**Work task**
Ignoring every picture, return the lines of the listing below word for word, from the line that holds "Take a moment" through the line that holds "橡膠硫化一般都是平板控溫或由".

**Supplied entries**
○ ○ ○ ○ ○

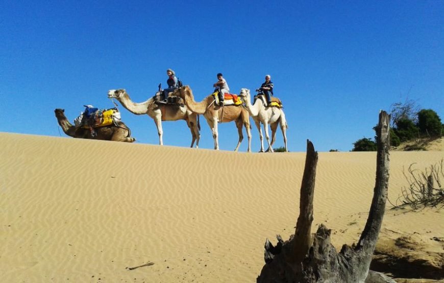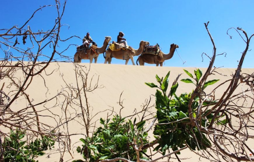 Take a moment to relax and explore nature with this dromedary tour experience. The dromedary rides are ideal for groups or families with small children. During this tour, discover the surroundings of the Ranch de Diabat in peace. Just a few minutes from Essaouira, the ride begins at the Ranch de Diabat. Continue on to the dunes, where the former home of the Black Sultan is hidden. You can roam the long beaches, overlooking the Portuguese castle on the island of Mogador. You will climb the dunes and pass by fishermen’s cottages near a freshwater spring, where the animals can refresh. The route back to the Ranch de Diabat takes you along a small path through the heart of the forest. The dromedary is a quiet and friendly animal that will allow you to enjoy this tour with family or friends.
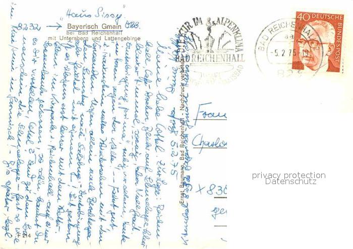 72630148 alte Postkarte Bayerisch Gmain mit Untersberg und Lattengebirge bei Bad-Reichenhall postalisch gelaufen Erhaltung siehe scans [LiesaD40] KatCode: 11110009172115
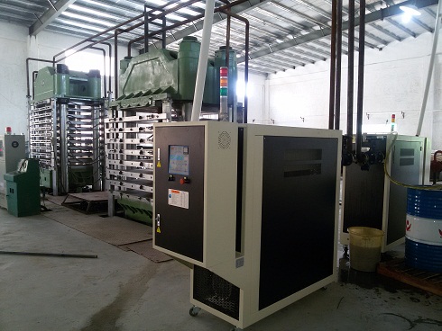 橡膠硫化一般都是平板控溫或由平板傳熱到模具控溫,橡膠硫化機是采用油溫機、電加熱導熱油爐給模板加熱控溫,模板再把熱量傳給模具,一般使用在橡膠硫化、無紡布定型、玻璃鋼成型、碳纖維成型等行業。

○ ○ ○ ○ ○

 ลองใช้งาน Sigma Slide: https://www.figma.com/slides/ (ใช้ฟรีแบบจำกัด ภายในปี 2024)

○ ○ ○ ○ ○

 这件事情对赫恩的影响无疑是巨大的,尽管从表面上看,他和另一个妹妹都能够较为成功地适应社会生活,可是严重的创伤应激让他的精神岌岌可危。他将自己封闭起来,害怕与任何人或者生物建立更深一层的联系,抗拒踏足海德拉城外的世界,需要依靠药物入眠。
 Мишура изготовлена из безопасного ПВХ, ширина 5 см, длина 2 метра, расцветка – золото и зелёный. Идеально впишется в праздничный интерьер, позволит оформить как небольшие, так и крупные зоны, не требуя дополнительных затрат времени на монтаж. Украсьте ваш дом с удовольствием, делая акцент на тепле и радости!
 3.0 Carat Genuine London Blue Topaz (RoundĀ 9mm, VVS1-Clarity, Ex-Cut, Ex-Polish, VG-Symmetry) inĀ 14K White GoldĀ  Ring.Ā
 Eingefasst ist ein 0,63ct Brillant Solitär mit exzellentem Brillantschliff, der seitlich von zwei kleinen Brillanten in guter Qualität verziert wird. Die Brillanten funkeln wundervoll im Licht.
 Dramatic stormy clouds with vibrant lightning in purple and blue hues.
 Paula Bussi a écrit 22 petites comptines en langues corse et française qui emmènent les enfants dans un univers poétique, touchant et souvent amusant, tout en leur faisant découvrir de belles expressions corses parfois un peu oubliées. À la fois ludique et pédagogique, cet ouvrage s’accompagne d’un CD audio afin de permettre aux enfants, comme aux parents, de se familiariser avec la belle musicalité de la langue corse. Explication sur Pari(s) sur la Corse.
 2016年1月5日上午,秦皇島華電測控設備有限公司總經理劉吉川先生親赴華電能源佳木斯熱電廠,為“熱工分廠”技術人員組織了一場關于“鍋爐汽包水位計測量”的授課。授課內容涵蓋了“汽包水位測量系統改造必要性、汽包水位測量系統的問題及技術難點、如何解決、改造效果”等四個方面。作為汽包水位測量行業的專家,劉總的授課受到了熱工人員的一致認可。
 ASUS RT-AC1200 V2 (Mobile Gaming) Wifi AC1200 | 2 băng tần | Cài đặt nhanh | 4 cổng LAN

○ ○ ○ ○ ○

**Response area**
 Take a moment to relax and explore nature with this dromedary tour experience. The dromedary rides are ideal for groups or families with small children. During this tour, discover the surroundings of the Ranch de Diabat in peace. Just a few minutes from Essaouira, the ride begins at the Ranch de Diabat. Continue on to the dunes, where the former home of the Black Sultan is hidden. You can roam the long beaches, overlooking the Portuguese castle on the island of Mogador. You will climb the dunes and pass by fishermen’s cottages near a freshwater spring, where the animals can refresh. The route back to the Ranch de Diabat takes you along a small path through the heart of the forest. The dromedary is a quiet and friendly animal that will allow you to enjoy this tour with family or friends.
 72630148 alte Postkarte Bayerisch Gmain mit Untersberg und Lattengebirge bei Bad-Reichenhall postalisch gelaufen Erhaltung siehe scans [LiesaD40] KatCode: 11110009172115
 橡膠硫化一般都是平板控溫或由平板傳熱到模具控溫,橡膠硫化機是采用油溫機、電加熱導熱油爐給模板加熱控溫,模板再把熱量傳給模具,一般使用在橡膠硫化、無紡布定型、玻璃鋼成型、碳纖維成型等行業。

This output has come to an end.